The government filed a demurrer to the petition. It was sustained as to $7,564.08 of the amount sued for and overruled as to $1,031.08. The damages on account of delay to the amount of the latter sum the court found was due to the government's delay. The other sum, that is $7,564.08, the court attributed to the claimant, the court saying, through Chief Justice Campbell, that

"the difficulties under which claimant labored . . . were not due to 'unavoidable causes' within the meaning of those terms in the contract, and, though unforeseen, did not render the performance impossible,"

and added:

"The court cannot make a different contract from that which the parties made for themselves. The Harriman, 9 Wall. 161, 76 U. S. 172; Sun Printing & Publishing Ass'n v. Moore, 183 U. S. 642; Satterlee's Case, 30 Ct.Cls. 31; Pacific Hardware Co. v. United States, 48 Ct.Cls. 399."

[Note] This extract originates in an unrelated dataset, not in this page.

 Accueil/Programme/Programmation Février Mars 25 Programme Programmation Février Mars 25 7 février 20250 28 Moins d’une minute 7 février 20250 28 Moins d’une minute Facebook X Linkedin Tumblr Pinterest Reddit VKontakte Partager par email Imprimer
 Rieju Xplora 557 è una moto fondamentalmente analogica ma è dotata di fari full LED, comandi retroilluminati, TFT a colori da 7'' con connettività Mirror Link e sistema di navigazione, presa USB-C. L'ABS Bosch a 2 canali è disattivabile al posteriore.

It will be observed that the point in the case is a short one. It is whether the causes of delay alleged in the petition were unavoidable, or were of the character described in the contract -- that is, "such as fires, storms, labor strikes, action of the United States, etc." The contention that the alleged causes can be assigned to such category creates some surprise. It would seem that the very essence of the promise of a contract to deliver articles is ability to procure or make them. But claimant says its ignorance was not peculiar, that it was shared by the world, and no one knew that the process adequate to produce 14-inch armor plate would not produce 18-inch armor plate. Yet claimant shows that its own experiments demonstrated the inadequacy of the accepted formula. A successful process was therefore foreseeable and discoverable. And it would seem to have been an obvious prudence to have preceded manufacture, if not engagement, by experiment, rather than risk failure and delay and their consequent penalties by extending an old formula to a new condition.

Page 240 U. S. 165

But even if this cannot be asserted, the case falls within The Harriman, supra, where it is said that

"the principle deducible from the authorities is that, if what is agreed to be done is possible and lawful, it must be done. Difficulty or improbability of accomplishing the undertaking will not avail the defendant. It must be shown that the thing cannot by any means be affected. Nothing short of this will excuse nonperformance."

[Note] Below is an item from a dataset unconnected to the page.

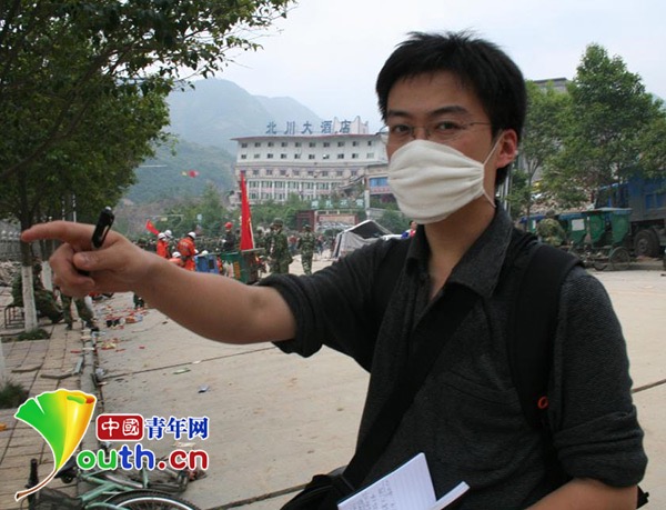 2008年5月13日,孫鐵翔在北川縣城進(jìn)行抗震救災(zāi)采訪報道。本人供圖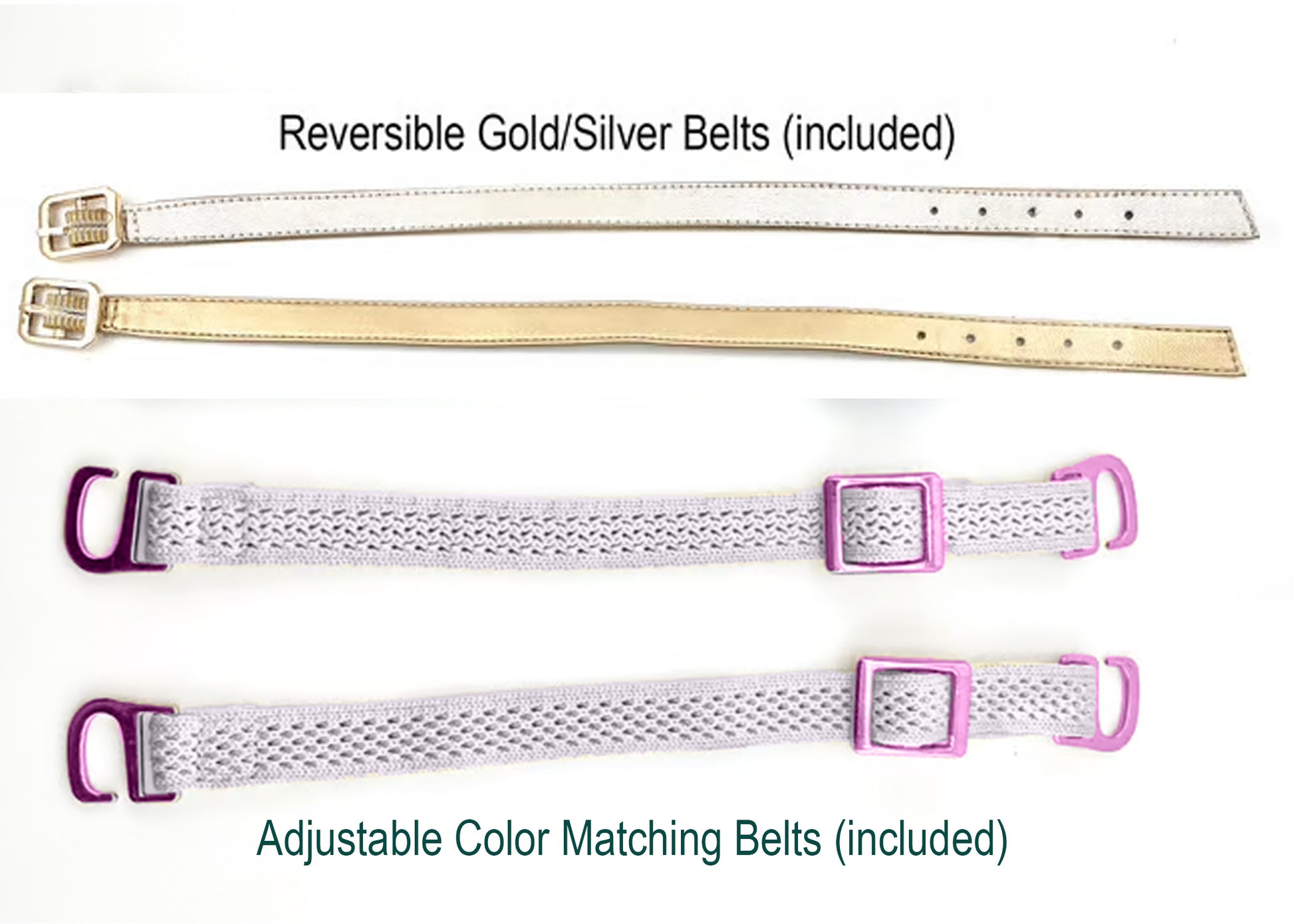 - 2 sets of belts: an adjustable woven belt set and gold/silver reversible belts.

And it was held in Sun Printing Ass'n v. Moore, supra, that

"it was a well settled rule of law that, if a party by his contract charges himself with an obligation possible to be performed, he must make it good unless its performance is rendered impossible by the act of God, the law, or the other party. Unforeseen difficulties, however great, will not excuse him."

Cases were cited, and it was said the principle was sustained by many adjudications.

It was said, however, in The Harriman, 9 Wall. 161, 76 U. S. 172, that "the answer to the objection of hardship in all such cases is that it might have been guarded against by a proper stipulation," and such a stipulation is relied on in the case at bar. Ignorance of the scientific process necessary for face-hardening 18-inch armor plate is asserted to be an unavoidable cause of the character of the enumeration of article 8 of the contract -- that is, "such as fires, storms, labor strikes, action of the United States, etc." The contention is that it is the same "genus or kind," because (1) it was not foreseeable when the contract was made; (2) was not the result of any act or neglect on the part of claimant; (3) was not a cause the company could prevent. What we have already said answers these contentions. Ability to perform a contract is of its very essence. It would have no sense or incentive, no assurance of fulfillment, otherwise, and a delay resulting from the absence of such ability is not of the same kind enumerated in the contract -- is not a cause extraneous to it and

Page 240 U. S. 166

independent of the engagements and exertions of the parties.

Judgment affirmed.

MR. JUSTICE McREYNOLDS took no part in the consideration and decision of this case.